→ **SUPPLIED INFORMATION**
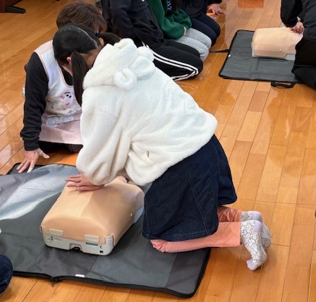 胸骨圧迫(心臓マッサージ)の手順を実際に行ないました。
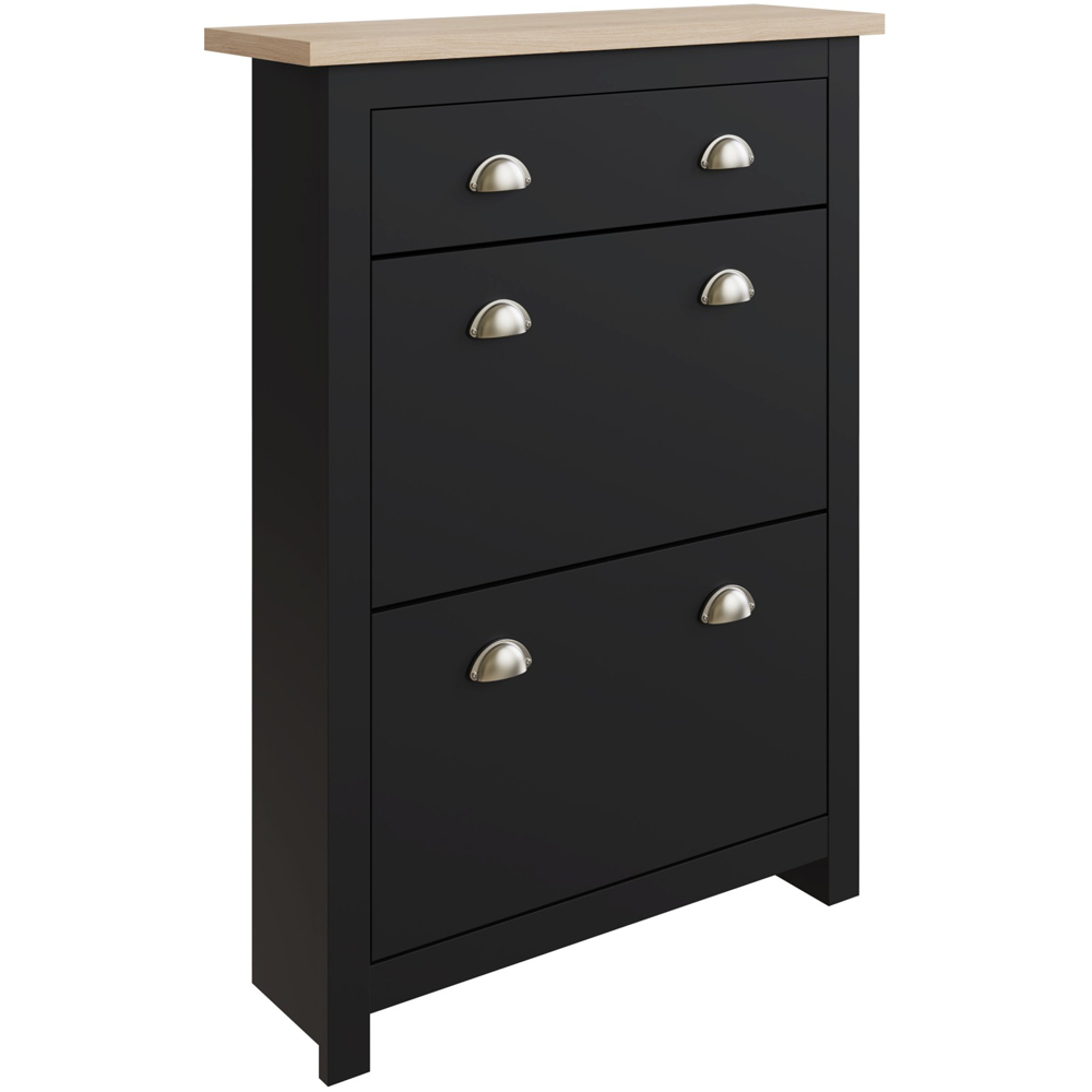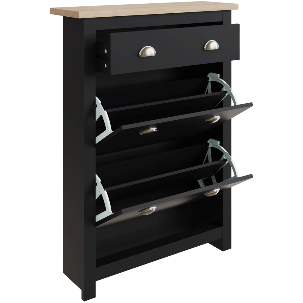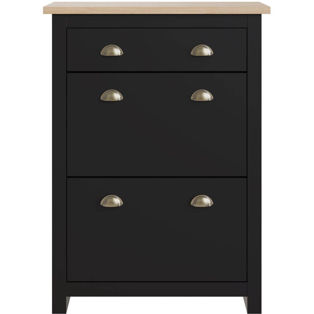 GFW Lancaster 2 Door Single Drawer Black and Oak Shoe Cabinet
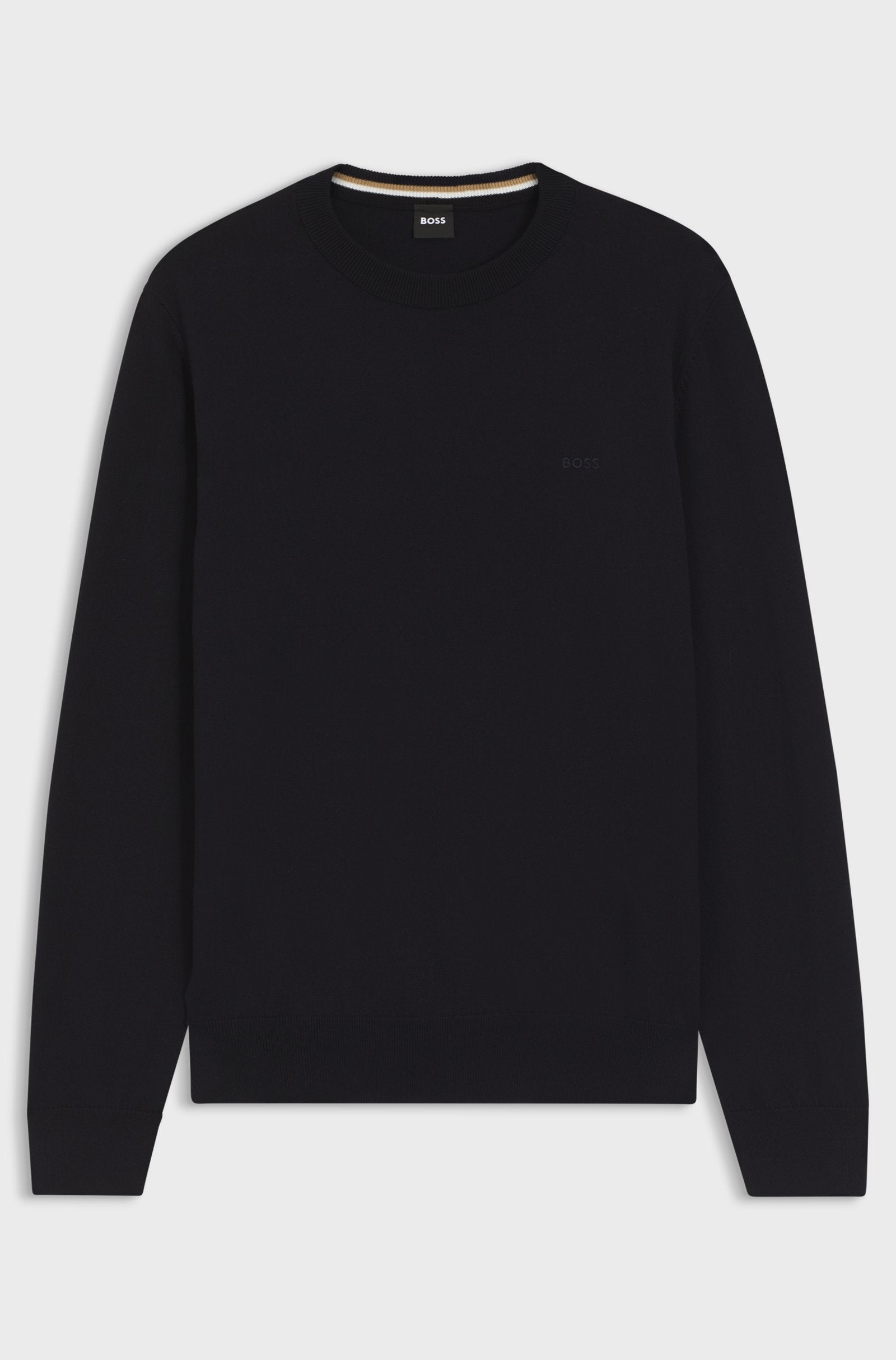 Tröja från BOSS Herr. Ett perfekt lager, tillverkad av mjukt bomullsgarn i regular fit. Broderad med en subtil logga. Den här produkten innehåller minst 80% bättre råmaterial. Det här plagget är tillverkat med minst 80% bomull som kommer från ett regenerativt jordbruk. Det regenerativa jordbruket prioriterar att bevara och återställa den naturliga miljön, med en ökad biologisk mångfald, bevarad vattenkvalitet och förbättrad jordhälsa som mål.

→ **ACTIVITY**
Reproduce the preceding material exactly, skipping pictures.

→ **TASK OUTPUT**
 胸骨圧迫(心臓マッサージ)の手順を実際に行ないました。
 GFW Lancaster 2 Door Single Drawer Black and Oak Shoe Cabinet
 Tröja från BOSS Herr. Ett perfekt lager, tillverkad av mjukt bomullsgarn i regular fit. Broderad med en subtil logga. Den här produkten innehåller minst 80% bättre råmaterial. Det här plagget är tillverkat med minst 80% bomull som kommer från ett regenerativt jordbruk. Det regenerativa jordbruket prioriterar att bevara och återställa den naturliga miljön, med en ökad biologisk mångfald, bevarad vattenkvalitet och förbättrad jordhälsa som mål.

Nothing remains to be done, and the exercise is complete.